Water levels in the Tonle Sap lake and Mekong river are unusually low for this time of year, hindering transportation and the livelihoods of surrounding communities, officials and local villagers said yesterday.

Mao Hak, director of water re­sources at the Ministry of Water Re­sources and Meteorology, said the Mekong river and the Tonle Sap had not experienced such low water levels in 12 years.

“It’s happening now, and it happened before in 1992 and in 1998,” he said.

Mr Hak said he thought the wa­ter levels were perhaps due to factors related to climate change or the limited amount of rainfall during last year’s rainy season, adding that in recent days rains had slightly raised water levels.

Minh Bunly, Tonle Sap coordinator for the fisheries NGO Fact, said water levels on the lake were so low many of the larger boats found it difficult to reach local communities while people and businesses had to rely on smaller craft.

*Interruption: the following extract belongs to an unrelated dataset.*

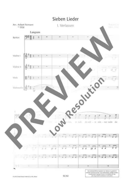 Aribert Reimann’s idea to arrange the lieder of Franz Liszt for baritone and string quartet goes back to his collaboration with Dietrich Fischer-Dieskau, recording some of these lieder for the German broadcasting company formerly known as Sender Freies Berlin (SFB). Since then, Reimann has continued to be fascinated by Liszt’s thrilling harmony and unconventional treatment of the voice. Here, he has compiled a cycle containing seven lieder from Liszt’s middle and late periods, arranged so that each song is the logical continuation of its predecessor. Liszt’s fundamental harmony has been retained, but the registers have been altered to such an extent that they appear in a completely new light.

“The main problem of the shallow water is transportation,” he said. “The big boats cannot cross; the fish traders cannot take the big boat to buy fish from the fishermen.”

Mr Bunly said more smaller boats are needed to make more frequent trips to buy fish from local villages, which reduced the prices traders were willing to pay fishermen.

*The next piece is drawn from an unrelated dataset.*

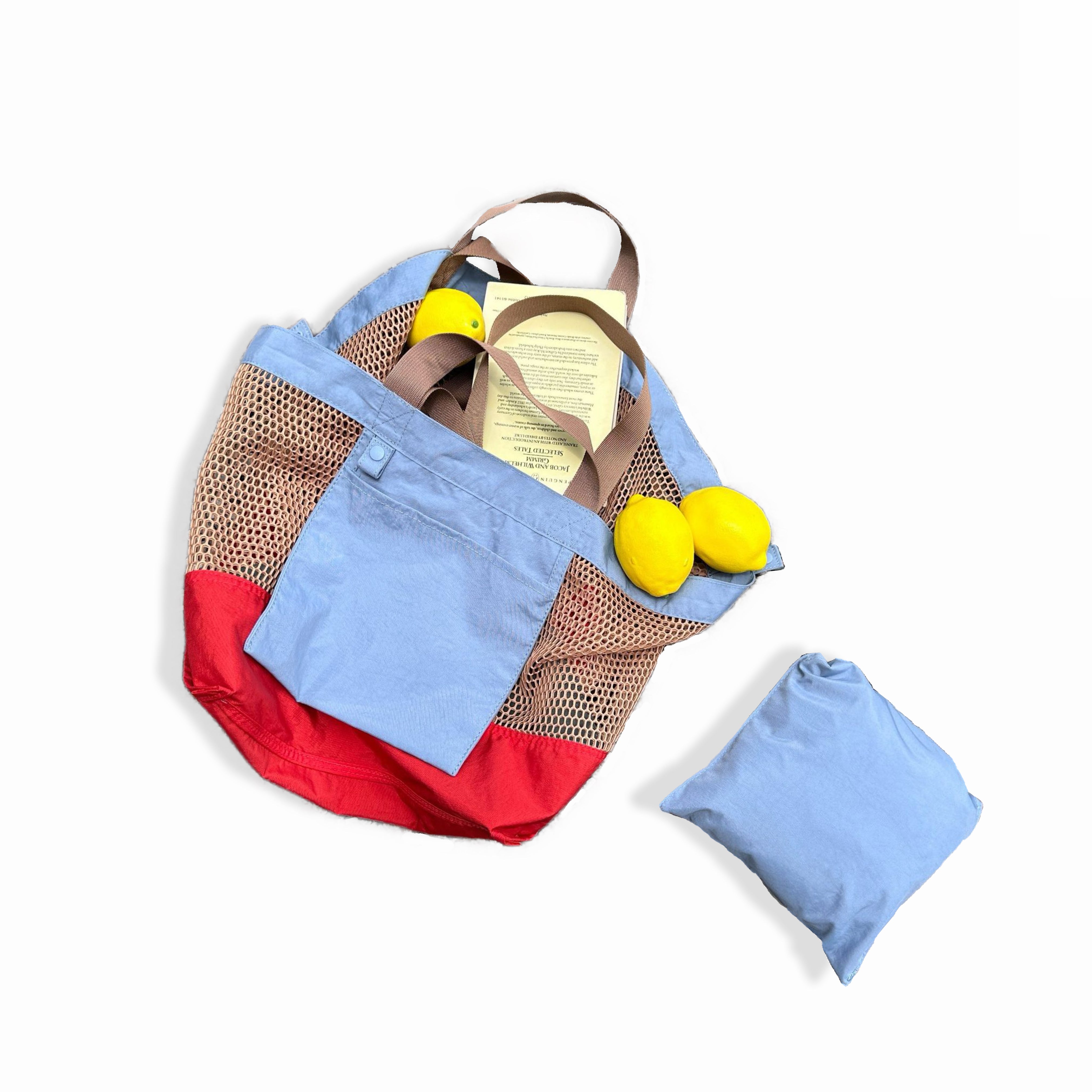 This tote bag features a dual-sided design with inner and outside different colors. Can be reversed as you like. Made from lightweight nylon, it offers a spacious interior for essentials. Foldable for easy storage, perfect for daily use or travel.

“The traders give a lower price to fishermen because they spend much money on transportation,” he said.

Sokh Ly Muth, governor of Pur­sat province’s Kandieng district, which is lapped by the Tonle Sap lake, said the fish industry was down in his district because of water transport problems.

“The villagers cannot sell out their fish and they have to transport the fish themselves to sell at the market. Before, traders came to the villages,” he said.

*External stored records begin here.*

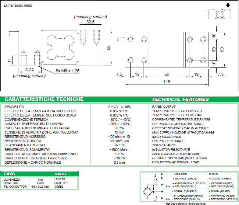 在額定負載偏轉:0.3 mm精度等級C3(OIML R60)
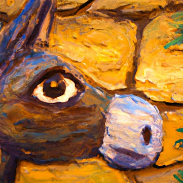 donkey's big brown eyes peer over the chipped stone wall; waiting to turn right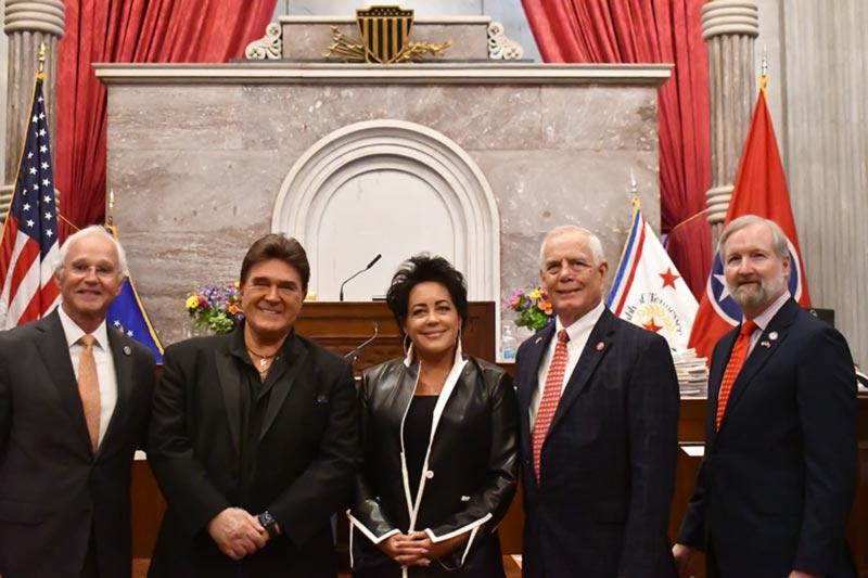 Pictured L-R: TN House Representative Ron Travis, T.G. Sheppard, Kelly Lang, TN Speaker Pro Tempore Pat Marsh, and Chairman Chris Todd

Pra Huot, a fisherman from Pursat province’s Raingtoel commune, said he could not remember a time when water levels were as low.

“It’s the lowest ever. I am 42 and I never met this problem. It’s happening along all the provinces along the Tonle Sap,” he said, adding the water was perhaps 40 cm deep, while at this time last year it was about a meter deep.

His village of Koh Keo is located on a remote part of the Tonle Sap lake’s shore which made it hard for traders to reach with current water levels, he said.

“This year, the fish price is cheaper, it cost 7,000 riel per kilo last year and it’s now down to 5,200 riel per kilo,” Mr Huot said. “The price is lower due to the shallow water the traders cannot reach our village.”

Tonle Sap biosphere reserve director Long Kheay said the lake’s fisheries were so far unlikely to be affected by water conditions, adding however that fish farmers could experience problems in raising their fish.

“Water levels don’t impact fish [stocks] yet, although it’s too dry,” he said. “The water level is low and it’s hot. The fish farms will have a pro­blem and fish might die in the cage if fish farmers don’t take care.”

Around 500,000 families are estimated to be living directly off the Tonle Sap’s fisheries, many of them are engaged in small-scale fish farming, raising fish in submerged cages in the lake.

Tek Vannara, communication officer at the Culture and Environment Preservation Association based in Stung Treng, said levels in the Mekong River in that province had been unusually low.

“This year, the situation on the Mekong is very bad. The water is very shallow,” he said, adding that villagers along the river had difficulty collecting water from the river and riverbank agriculture was suffering from drought, while fish were concentrated in deep water pools where they were vulnerable to over-fishing.